As a team of young entrepreneurs and data scientists planning to start up a new cafe, we have decided to scrap and analyze data from online forums to gather and inform the business decision of the cafe set-up. The online forum chosen to start off with would be Reddit which is a popular platform for discussions and trending topics from enthusiasts - of which we will be focusing on tea and coffee.([source](https://backlinko.com/reddit-users)) Subsequently, we would be able to identify and sort future feedback from the public into the respective categories for our futher analysis - with the assumption that key label words would not be included - based on the data the model was trained with from Reddit. 

This is a classification problem and we would utilise models such as LogRegression, RandomForest Classifier, Naive Bayers to identify the best model that can be used for future predictions.

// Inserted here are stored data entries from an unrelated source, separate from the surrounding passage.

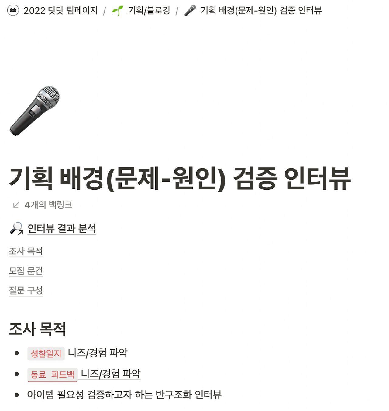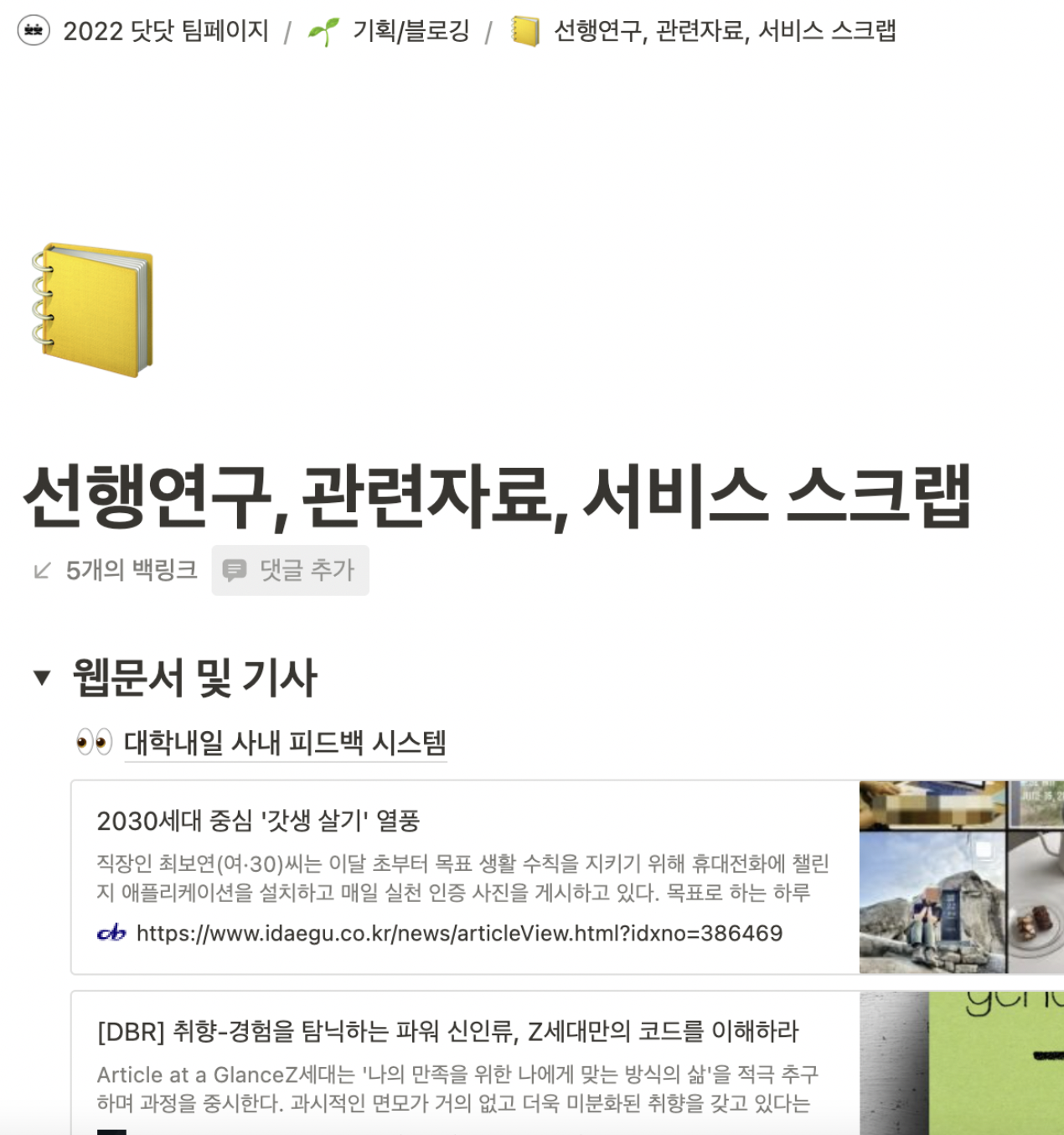 이렇게 자료를 수집해서 배치하는 과정이 곧 아이템 제작 필요성 설득을 위한 로직을 만드는 과정이 되는 것이겠죠. 저의 경우 팀페이지로 쓰는 노션에 각종 자료를 스크랩하고 내용을 정리하는 방식으로 데스크리서치를 먼저 수행했어요. 그 내용이 지난 포스팅에 언급된 바 있지요. 이어 ‘성장 추구형 인간’들의 경험을 좀 더 구체적으로 파악하고, 문제상황 검증 겸 아이템에 대한 생각도 물어봐야겠다 싶어 인터뷰를 계획했습니다. “회고록을 작성해 본 경험이 있으신 분”, “수업 외의 ‘팀 단위’ 프로젝트를 꾸준히 찾거나 추진해 오셨던 분” 등을 찾는다고 명시한 인터뷰 모집 문건을 주변에 돌리고 7명(22세~25세) 대상의 비대면 반구조화 인터뷰를 진행할 수 있었어요.
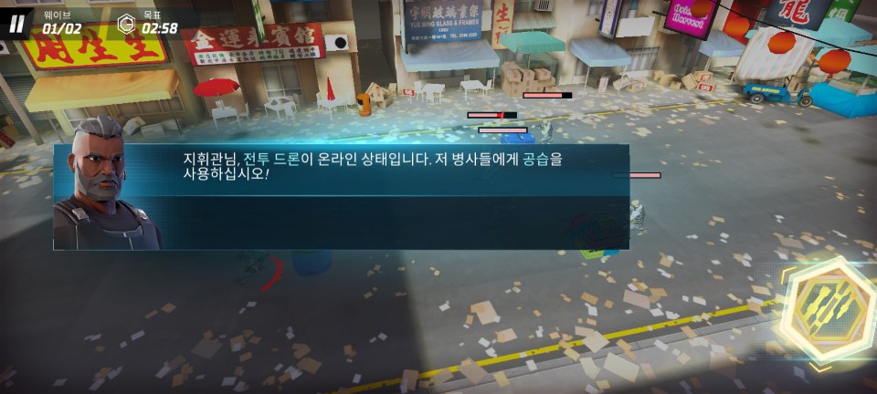우선 활성화 되어 있는 스킬인 드론 공격을 해봅니다. 표적을 선택하면 해당 표적 주위에 광범위 폭격을 합니다.
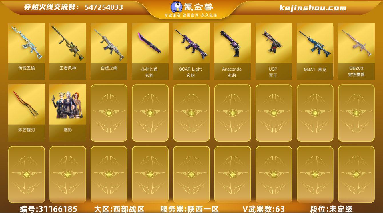 E191216 cf西部/陕西一区/63V/传说圣谕/王者风神/白虎之魄+王者凌虎+青龙/玄豹套/USP冥王*2/QBZ金色蔷薇/炽芒蝶刃/棘刺(四防)/18皮可排
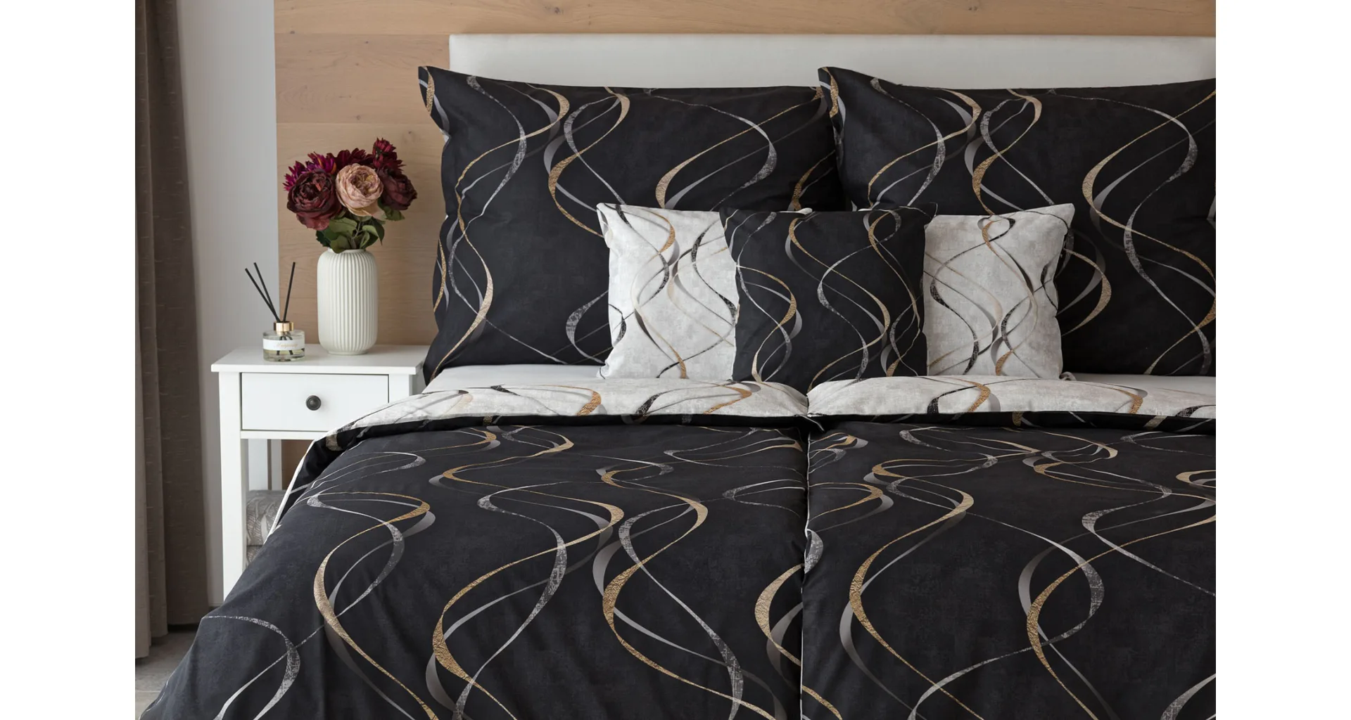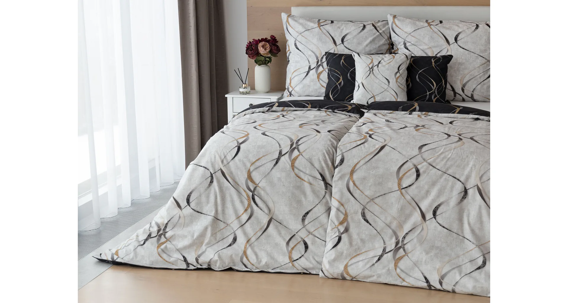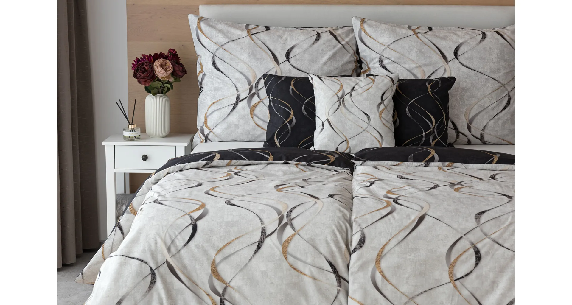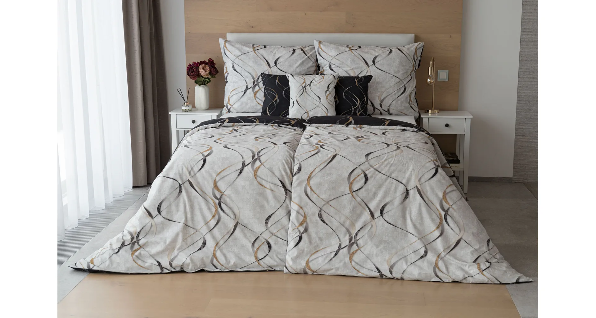 Vylaďte si ložnici podle nálady s elegantním bavlněným povlečením Kingston. Oblíbené oboustranné provedení vám umožní jednoduše změnit vzhled interiéru, aniž byste museli nutně převlékat. Jednoduchý motiv zvlněných šedozlatých linek se prolíná na černém a světle šedém podkladu. Originální vzhled vzoru podtrhuje tzv. Grunge textura, která vyniká díky preciznímu digitálnímu tisku.
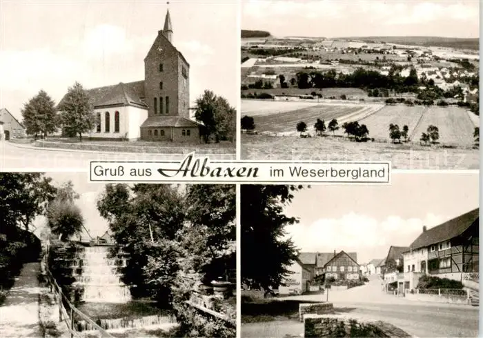 AK / Ansichtskarte 73855116 Albaxen Kirche Panorama Wasserfall Ortsansicht Albaxen

Next we will also look into the general sentiments of the public to some of these key topics and gain further insights (positive, neutral, negative) for implementation to the cafe menu or business opportunities. This would be done by utilising sentiment analysis models such as Spacy([source](https://spacy.io/usage/spacy-101)) and twitter roberta base sentiment([source](https://huggingface.co/cardiffnlp/twitter-roberta-base-sentiment)) imported from Hugging Face. 

## Problem Statement

To create a data-driven menu from gathering feedback from the public for implementation into the cafe's tea and coffee menu. 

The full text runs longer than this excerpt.